HITECH was specifically designed to facilitate better healthcare through EHR interoperability among providers. But, seven years and more than $30 billion in incentives later, meaningful interoperability is still lacking, according to the ONC’s report to Congress in December 2015.

Despite the near universal consensus that continuity of care is critical to better outcomes and reduced costs, effective information exchanges remain elusive. Of the five issues the ONC report cites, two stand out as principal obstacles.

  • Complex and changing standards. Albert Einstein once said, “If you can’t explain it simply, you don’t understand it well enough.” With that in mind, how easy is it to explain the difference between CDA, CCR, CCD, Green CDA, CCDA and C32 to the average health professional? It’s extremely difficult to understand how each one fits into the overall picture; worse, implementation of any standard demands specialized knowledge. Further, these standards are brittle, as each vendor may have their own interpretation of the specifications. The result is a time-consuming and difficult integration process, even though sending and receiving systems have been developed from the same specifications.
  • Security and privacy considerations. If no harm comes from unauthorized use of the data, the penalties for breach are still severe. Even after a vendor manages to work through a sea of standards and the related maze of specifications, exchanging information in compliance with state and federal regulation remains an issue. Security and privacy demands are very high and require even more specialized knowledge. Things such as VPNs, HISPs, DirectMessaging, SSL certificates, AES-256, encryption at rest and minimum necessary privilege present yet another barrier to the process. The penalties, damage to reputation and specialized skill sets needed for secure transactions discourage organizations from doing anything except meeting the bare interoperability requirements. It’s easy to see why some might find it simply not worth the effort or risk to break new ground.

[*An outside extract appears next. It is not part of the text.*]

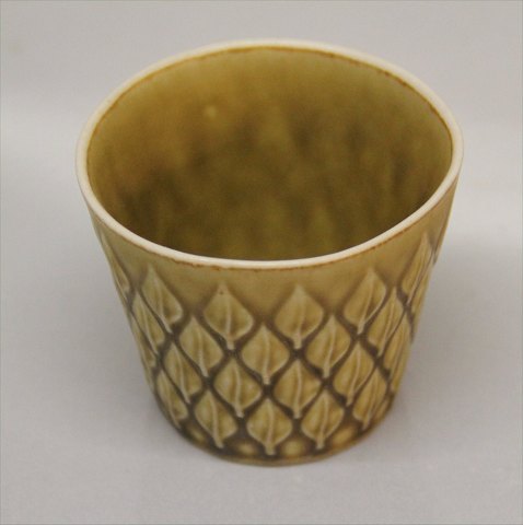 Bing & Grøndahl B&G Relief 672 Krukke 6 x 7 cm Quistgaard Nissen Kronjyden stentøjsstel. I fin og hel stand. Bing & Groendahl. Stemplet Kronjyden eller Bing & Grondahl Copenhagen Stoneware: Bladformet mønster i releif på gult stentøj af Quistgaard for Kronjyden, Nissen.

Most organizations stack new integration efforts behind a crushing backlog of other integration projects already in the queue, which makes it seem as though a staffing shortfall is the primary bottleneck in resolving interoperability—if only we had more people. This is especially true for smaller and rural hospitals trying to build networks; it is even more prevalent among community-based organizations (CBO) attempting to connect hospitals to the multitude of downstream, post-acute care providers. Many simply do not have the staff, budget or sophisticated systems in place to complete these critical integrations, adhere to the standards and maintain HIPAA compliance, all while ensuring data is available at the right time to serve the business needs of the network.

However, limited personnel would be much less of an issue if everyone could agree on one clear standard, and security and privacy did not present such an impediment.

Hope could be on the horizon in the form of Fast Healthcare Interoperability Resources (FHIR), the latest standard offering from HL7. While this is indeed Yet Another Standard (YAS), its simplicity and elegance, coupled with the ability to present and transport information through modern web technologies, make it a compelling offer.

The learning curve with FHIR is relatively small, and the documentation is readily available, comprehensive and easy to digest. Even better, a growing community of FHIR enthusiasts is congregating on the FHIR Google Group to provide support. Influential players, such as Cerner and Epic, have provided sandboxes in which developers can readily test their FHIR-powered interoperability offerings.

With new, clearer standards that give technology providers the ability to quickly deliver a wider range of effective interoperability products to market, hospitals, CBOs and their post-acute networks can finally realize the potential of full network data sharing, more efficient care coordination and lower cost care with better outcomes.

For example, five hospitals across two health systems in New England have integrated to identify high-utilizer, at-risk patients; design, manage and measure more effective treatment protocols; and streamline care coordination to ensure patients get the right interventions at the right time, without duplicating services. These new capabilities will enable every participating facility and provider to improve the overall quality of care delivery and improve patient outcomes, which translates directly into improved fiscal health under the new outcomes-based reimbursement models.

We’re seeing similar implementations connecting CBOs, rural provider networks and other organizations, proving successful interoperability is possible. In fact, the resulting better outcomes and lower costs associated with shifting from fee for service to payment for quality makes interoperability across the care continuum inevitable.

This would simply be much easier with less cumbersome standards. Most health systems remain hampered in their efforts to exchange information in a timely and meaningful fashion by a sea of standards, difficult implementations and fear of punitive actions resulting from security issues and data breaches. Fortunately, FHIR is a strong contender for the dominant interoperability standard, thanks to its ease of implementation and modern web architecture.